Pedrini et al. (2002) combined 3D digital holography with LDV (a pulsed Q-switched ruby laser) and a high-resolution CCD (Pulnix TM-1001) camera to reconstruct the dynamic profile of specimens with curved surfaces. Markov et al. (2003) proposed a whole field laser Doppler vibrometer, and demonstrated the performance of the system on a clamped, circular thin plate. The thin plate was remotely excited by a pulsed acoustical exciter, which generates a brief, broadband shock wave that stimulates the vibration of the plate. Huber et al. (2005) developed laser-acoustic microscopy using an Nd:YAG laser to generate 800 MHz (and higher) longitudinal mode ultrasound in several polymer films. Longo et al. (2006) used a Panametrics 10 MHz transducer to generate surface acoustic waves (SAW) on a steel beam and a laser vibrometer (Polytec PSV 300) for measuring the SAW response of the specimen. Kim et al. (2006) used a pulsed Nd:YAG laser to generate focused ultrasonic (Lamb) waves on an aluminum plate and a Michelson interferometer (Fiberpro MI7000) for measuring the response. Zhang et al. (2006) applied a pulsed Nd:YAG laser to generate Lamb waves on paper samples and a CW photorefractive laser interferometer for measurement. The ultrasonic wave response was used to determine the Young’s modulus, shear rigidity, and thickness of paper samples. In the aerospace industry, Kalms et al. (2008) applied a pulsed CO2 laser to generate ultrasounds in semicrystalline polyphenylene sulfide thermoplastic composites (a material used in modern aircrafts such as Airbus A380) and a macropulse YAG laser for detection. In the nuclear industry, Liu and Yang (2008) applied a pulsed Nd:YAG laser, an interferometer (Polytec OFV 511), and an oscilloscope to characterize the cladding condition on hydrogen-charged Zircaloy tubes that are used in nuclear reactors. Material properties such as Young's modulus and Poisson's ratio were identified from the experiment.
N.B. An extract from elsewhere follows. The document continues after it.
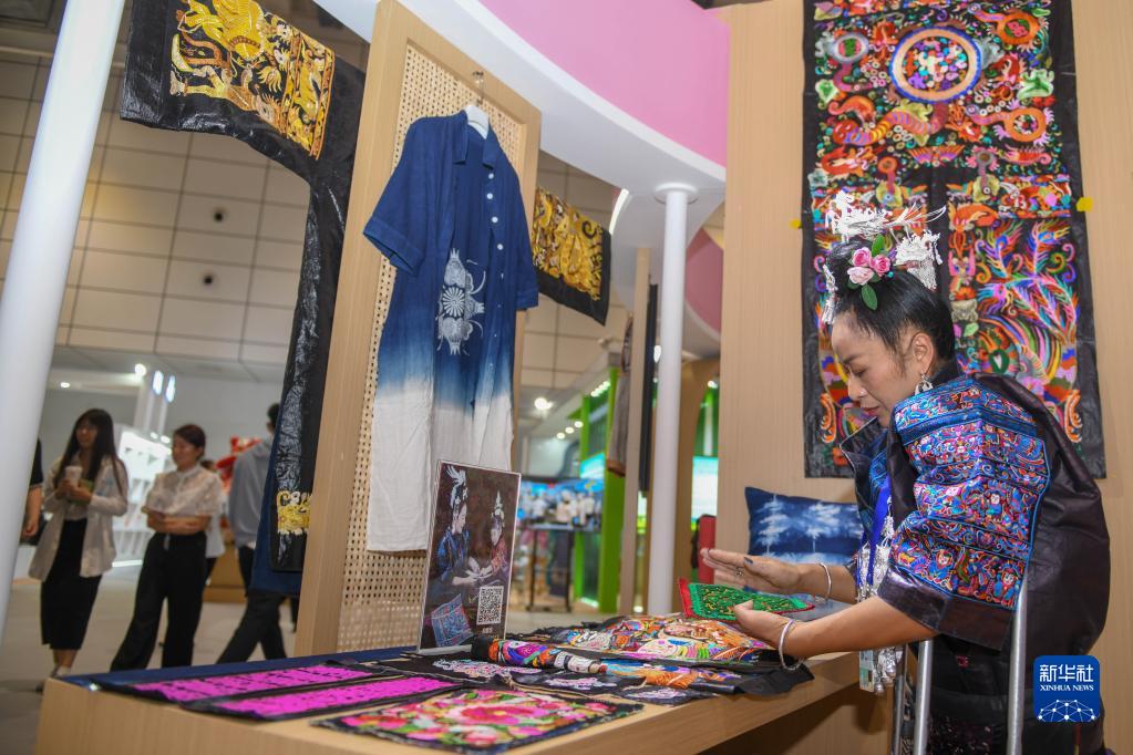 6月27日,在第四届全国残疾人展能节上,来自贵州的张艳梅展示自己制作的苗绣产品。

Yu and Haupt (2010) proposed a distant acoustic-laser nondestructive evaluation (NDE) technique utilizing a high powered standoff parametric acoustic array (PAA) and LDV for the detection of debonding and delamination in multi-layer fiber reinforced polymer (FRP) wrapped-concrete systems. In their development, a focused sound beam is generated by the PAA such that the beam diameter can be controlled to directly and locally excite the surface area (where damages/defects are embedded) in the FRP-concrete systems, from a distance exceeding 30 m. Flaws and structural damage embedded underneath the externally bonded FRP plates or wrapped FRP sheets will be detected through the acoustically excited vibration launched by the system (Fig. 12.10). Surface dynamic signatures (Rayleigh waves) of damaged and intact regions are collected by laser Doppler vibrometer and analyzed for damage detection. The laser vibrometer beam size provides us the opportunity to obtain spatial resolution on the order of a millimeter. In this development, the PAA has two sources of sound: one source is high frequency, which is generated directly from one or more high-frequency transducers (2–7 kHz) and the other is low frequency, which is generated from nonlinear effects in the volume of air in front of the transducer (500 Hz–2 kHz). The PAA source can provide a practical means to deliver the necessary level of acoustic power in air to the void underneath the FRP sheet while minimizing system size and weight, reducing the sound level imposed on personnel close to the source. To be able to detect voids of small size between FRP and concrete, the use of PAA source exhibits potential advantages on this particular application.

image
12.10 Laser-acoustic technique for detecting subsurface debonding and cracking. GFRP, Glass fiber reinforced polymer. (Yu and Haupt, 2010).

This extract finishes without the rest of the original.